> [Brief]
Look through the entries below and extract exactly the lines from the one containing "I think I have" through the one containing "Chancla de hombre", ends included.

── Data

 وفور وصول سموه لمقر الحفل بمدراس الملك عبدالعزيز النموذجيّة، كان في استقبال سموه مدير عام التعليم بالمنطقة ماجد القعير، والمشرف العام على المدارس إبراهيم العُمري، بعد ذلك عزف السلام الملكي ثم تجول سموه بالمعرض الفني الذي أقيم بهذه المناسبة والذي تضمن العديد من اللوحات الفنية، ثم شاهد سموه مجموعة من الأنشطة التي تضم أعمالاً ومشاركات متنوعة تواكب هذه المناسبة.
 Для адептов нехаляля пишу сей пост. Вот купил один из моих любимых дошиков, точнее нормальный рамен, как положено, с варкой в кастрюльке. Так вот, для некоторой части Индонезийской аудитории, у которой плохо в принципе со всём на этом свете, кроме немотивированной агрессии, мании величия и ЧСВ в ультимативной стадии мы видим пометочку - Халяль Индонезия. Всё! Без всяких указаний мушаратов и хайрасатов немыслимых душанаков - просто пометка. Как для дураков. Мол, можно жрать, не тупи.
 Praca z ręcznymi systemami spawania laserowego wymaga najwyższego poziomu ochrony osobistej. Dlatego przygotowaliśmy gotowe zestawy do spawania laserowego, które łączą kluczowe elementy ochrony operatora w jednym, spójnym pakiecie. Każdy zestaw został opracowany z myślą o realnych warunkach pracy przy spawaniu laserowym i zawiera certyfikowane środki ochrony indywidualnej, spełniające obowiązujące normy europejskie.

────
── Data

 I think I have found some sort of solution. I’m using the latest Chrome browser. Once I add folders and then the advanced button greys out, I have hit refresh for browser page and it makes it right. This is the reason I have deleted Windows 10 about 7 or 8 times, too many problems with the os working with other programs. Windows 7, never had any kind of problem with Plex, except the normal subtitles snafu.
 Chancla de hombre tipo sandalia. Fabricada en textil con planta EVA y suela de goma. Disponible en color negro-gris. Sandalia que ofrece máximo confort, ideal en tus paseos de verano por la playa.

────

> [Solution for this exercise]
 I think I have found some sort of solution. I’m using the latest Chrome browser. Once I add folders and then the advanced button greys out, I have hit refresh for browser page and it makes it right. This is the reason I have deleted Windows 10 about 7 or 8 times, too many problems with the os working with other programs. Windows 7, never had any kind of problem with Plex, except the normal subtitles snafu.
 Chancla de hombre tipo sandalia. Fabricada en textil con planta EVA y suela de goma. Disponible en color negro-gris. Sandalia que ofrece máximo confort, ideal en tus paseos de verano por la playa.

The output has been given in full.